Besides an introduction it contains contributions to the “Studies about Hysteria,” the Fulfillment of a “Prophetical” Dream, Psychoanalysis and Telepathy, the Head of the Medusa, the Splitting of the “Ego” in the Defense Mechanism, an abbreviated Psycho-Analysis, etc.
Ad Hysteria, Freud writes that according to Charcot a grand hysterical attack consists of four phases: (1) the epileptoid, (2) the large movements, (3) the phase of the “attitudes passionelles,” (4) the terminal delirium. Some of these phases may become independent, prolonged, modified or missing which results in a variety of hysterical attacks. Most physicians accept that the hysterical attack is a periodical discharge of the motor and psychical cortical centers.

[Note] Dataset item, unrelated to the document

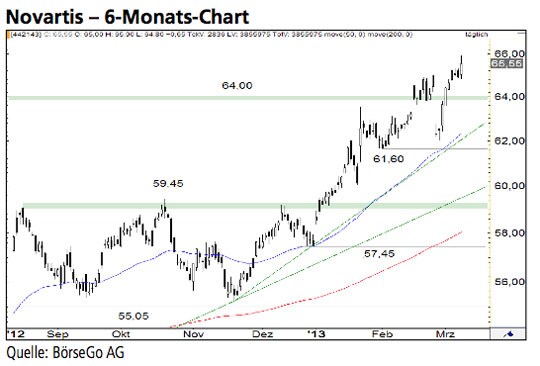 Rückblick: Im Juli 2012 beendeten die Aktien von Novartis mit dem Ausbruch über eine mittelfristige Abwärtstrendlinie einen mehrwöchigen Seitwärtsmarkt. In der...

Hysterics had been treated with hypnotic suggestion and by questioning during the hypnosis their psychic activities during the attack had been studied. For the explanation of the hysterical phenomenon the acceptance of a dissociation—splitting of the consciousness contents—is undispensable.
Freud evolves the following explanations of the hysterical attack: (1) The constant and essential content of a repeated hysterical attack is the return of psychical reminiscences. (2) The episode that returns in the reminiscence is not an incidental one but it is the one that had caused the hysterical attack; it is the psychical trauma. (3) The reminiscence that forms the contents of the hysterical attack belongs to the “Unconscious” which in every hysteria is more or less highly organized. During the attack the patient is completely or partially in the “Unconscious.” If the former be true the patient has amnesia for the entire attack in his average life. If the latter be true the patient realizes the change in his condition and his motor activities whereas he does not realize the psychical part during his attack but it can be brought to the conscious any time by hypnosis.